Four Score And Seven Years Ago Time-With Frank Capra’s Mister Smith Goes To Washington (1939) In Mind
DVD Review
By Sam Lowell
Mister Smith Goes To Washington, starring Jimmy Stewart, Jean Arthur, Claude Rains, directed by Frank Capra, 1939
Recently I wrote a short review of a Cary Grant and Jean Arthur film, Talk of the Town, where I argued that while the film could certainly be held without any ado as a good example of a romantic comedy from the golden age of such films. I argued though that the film had more merit as a social drama since while there were plenty of light-hearted moments the theme of the virtue of the rule of law trumped the obvious romantic interest between the two stars (and add in a third player Ronald Colman as well).
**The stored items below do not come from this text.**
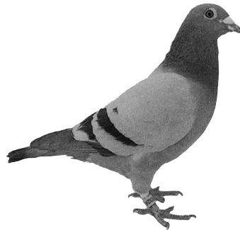
Belge 99-3247. Import fra Belgien. Placeringer: 1, 2, 12, 26, 43 og 45 osv.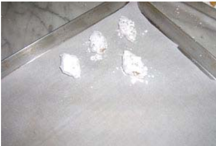
sulla teglia crudi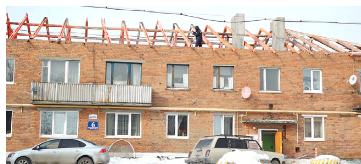
В Курманке в этом году уже начал капремонт домов по ул. Юбилейная, 6, 7, 8.

ности. Так, в начале года предприятие завершило постоянную регулировку тепла на ул. Юбилейная, 2а в Курманке – в среднем подъезде установили регулировочные краны, чтобы обеспечить равномерное распределение тепла по всему дому. Угловые квартиры теперь получают столько же тепла, сколько квартиры в среднем подъезде этого большого 4-этажного дома. Вообще регулировочные краны на отопление установлены сейчас по всей деревне, благодаря чему то тепло, что выдает котельная, можно более качественно распределить. Уже нет такого, что в одном доме люди форточки открывают, а в другом замерзают.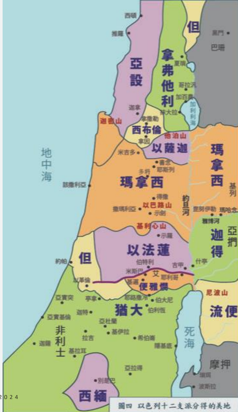
圖四 以色列十二支派分得的美地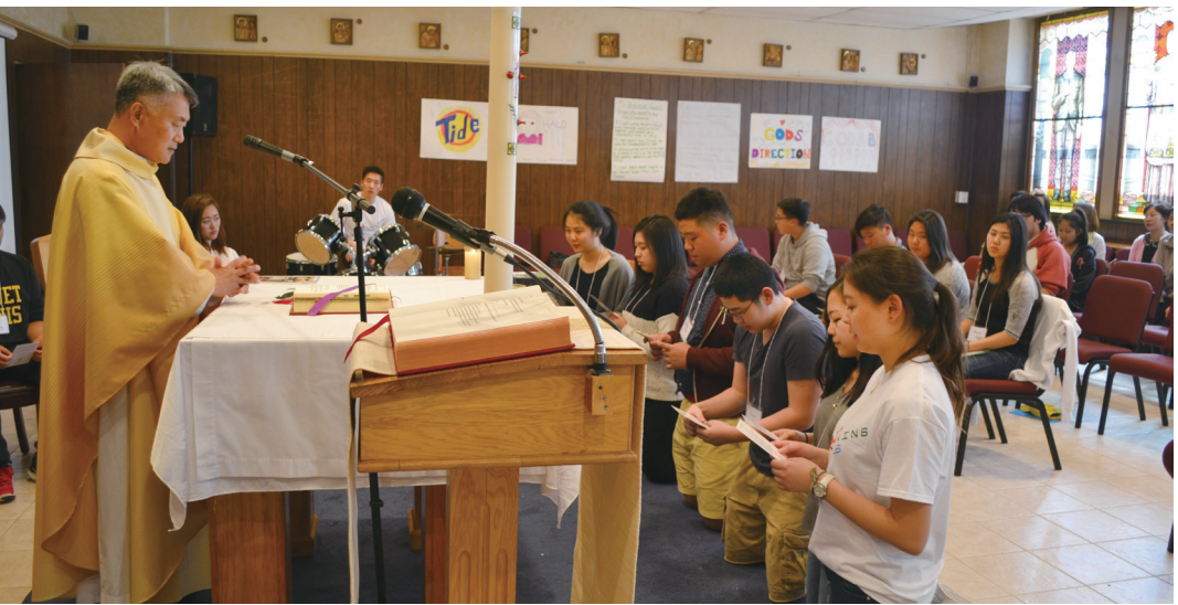
‘RYC New Beginning 피정’ 참가자들이 RYC 다섯 가지 행동목표를 읽으며 서약하고 있다.

【뉴욕】 RYC 청소년 사목센터(지도신부 백운 스토니 포인트에 있는 돈보스코 피정센터에서 텍 어거스틴)는 지난 15일(금)부터 17일(일)까지 고등학생 9학년에서 12학년을 위한 ‘RYC New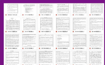
網上早讀文章讓同學積學儲寶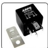
RA1412S - VÁRIOS CLIENTES RELE AUXILIAR VENTILAÇÃO E AR CONDICIONADO - 40A - 12V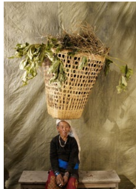
Mandebi au Népal a été chercher du fourrage.

I am in a similar quandary on the film under review, Frank Capra’s Mister Smith Goes To Washington. In that previous review I noted that Frank Capra along with Preston Sturgis and George Stevens (I left the question of Howard Hawks to the reader’s choice) was one of the great directors of romantic comedy during the golden age of the genre in the later 1930s and early 1940s when anybody who had any sense knew the general population needed a little escapist humor with the onslaught of the Great Depression and the World War grinding them down. But I also argued that the subject matter-the threat to the rule of law which underscored the plot line made that film a vehicle for social drama as well.
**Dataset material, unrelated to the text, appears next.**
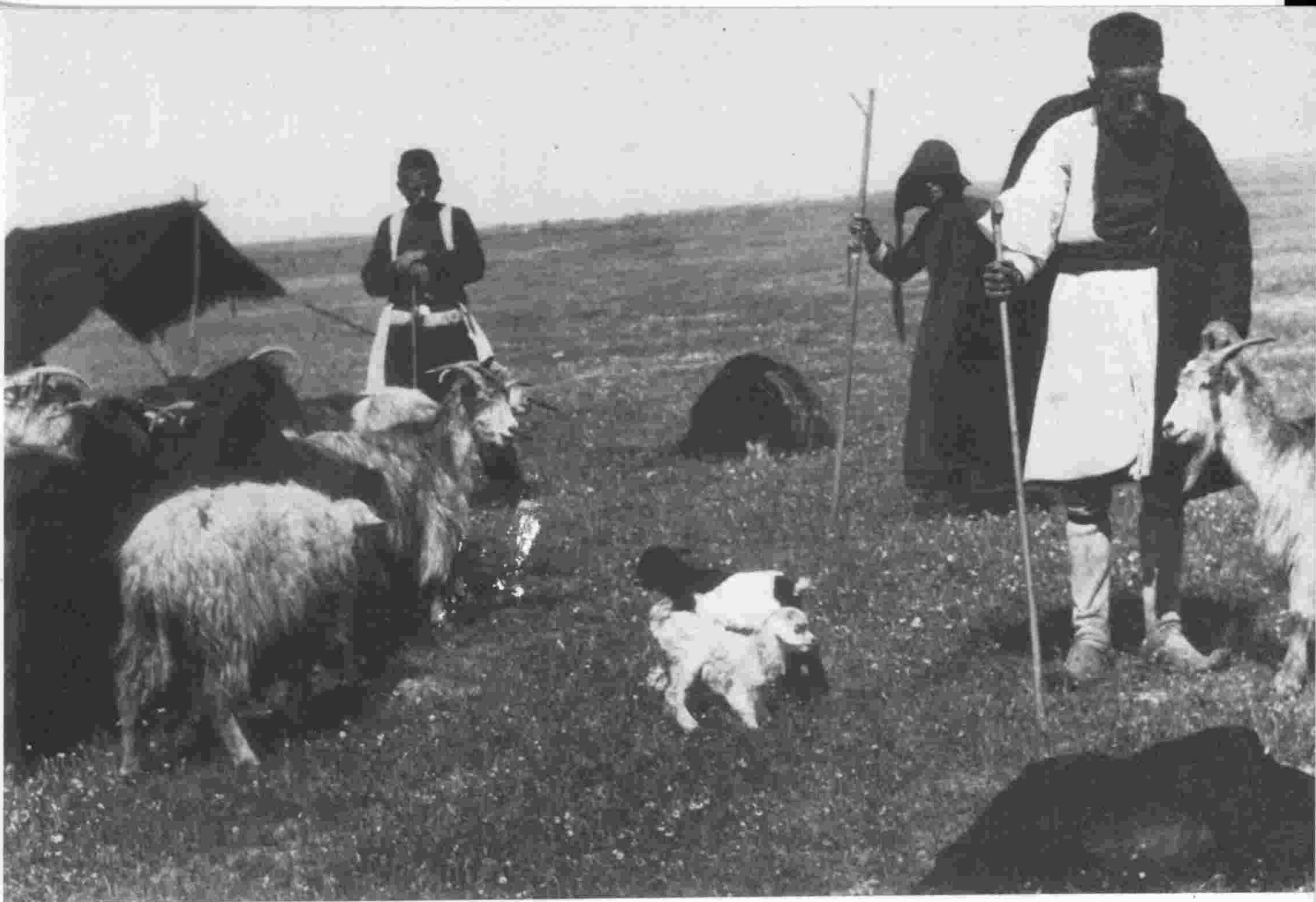
πρόχειρα τσαντήρια Σαρακατσανέων

I want to argue for a similar conclusion on this on. Here’s the play. A U.S. Senator, in an unnamed state but presumed to be out in the heartland where people overall were not as jaded as elsewhere and still believed in some of the old truths even in the late 1930s when America was going to hell in a handbasket, had died. The “bosses” who ran the state and ran the governor couldn’t decide on a suitable candidate and so one so-called apolitical do-gooder, one Jefferson Smith (already we can get the flags out with that name), played by Jimmy Stewart, got the nod. The assumption was that he would do the bidding of the organization while it was stealing everything that was not nailed down, specifically a big boondoggle dam project where everybody who was in on the deal would get well, including the senior Senator, Joe Paine, from the state, played by Claude Rains last seen in this space walking arm and arm with Humphrey Bogart in the fog after giving the Germans the “what for” in the classic film, Casablanca.
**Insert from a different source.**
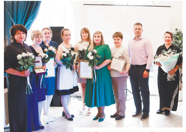
Работники социальной защиты Дмитровского городского округа

Of course old Jeff was the classic believer in good government, believed in the whole nine yards, probably believed that George Washington actually did chop down that cherry tree just like Parsons Weems said. Naïve, a babe in the woods, he got to Washington and was ready to serve with pride. Except he had this idea, this national boys’ camp idea that he planned to run through Congress as a way to instill true democratic values in future generations. (Girls, I guess, were just supposed to sit around and look pretty.) Problem, big problem in the end; the boys’ camp idea ran smack against the big dam boondoggle. The fight was on.
I mentioned that this film could be a romantic comedy at some level. That idea would come into play when Jefferson brought his wised-up to the ways of Washington super- secretary Clarissa, played by heartland wised up Jean Arthur, into his orbit, got her on his side in the fight for the boys’ camp despite her cynicism after having been around the town a little too long. But get this, or rather get two things. This Jeff was not built to be a good old boy, to carry some boss’s water, he had fighting for lost causes in his bones, grabbed a few such genes from his father, a newspaperman shot when he got too close to the dark side of politics and couldn’t be bought. The other thing is that while Jeff had more illusions than anybody should be allowed to have and still be allowed within fifty miles of the Washington zip codes he was not a quitter. Stood up to the bosses and their stooges, including that Joe Paine who had been a friend of his father’s but who was being held up in this film as the consummate sell-out to the big interests.
Here is the really funny part. The way old Jeff won his battle was through an old-fashioned filibuster, you know he took and kept the floor until exhaustion set in to prove his point. Now since the time of the film, 1939, the filibuster has been used for less worthy fights like against civil rights legislation in the 1950s and 1960s and now to basically try to close down the government. So a filibuster seems an odd way now to make his point but there you have it. That pluck and Clarissa pulling for him from the sidelines. I mentioned in that The Talk of the Town review that that film was more of a social drama than a romantic comedy now that I have given you the “skinny” on this one I think this one follows that same path. You decide, okay.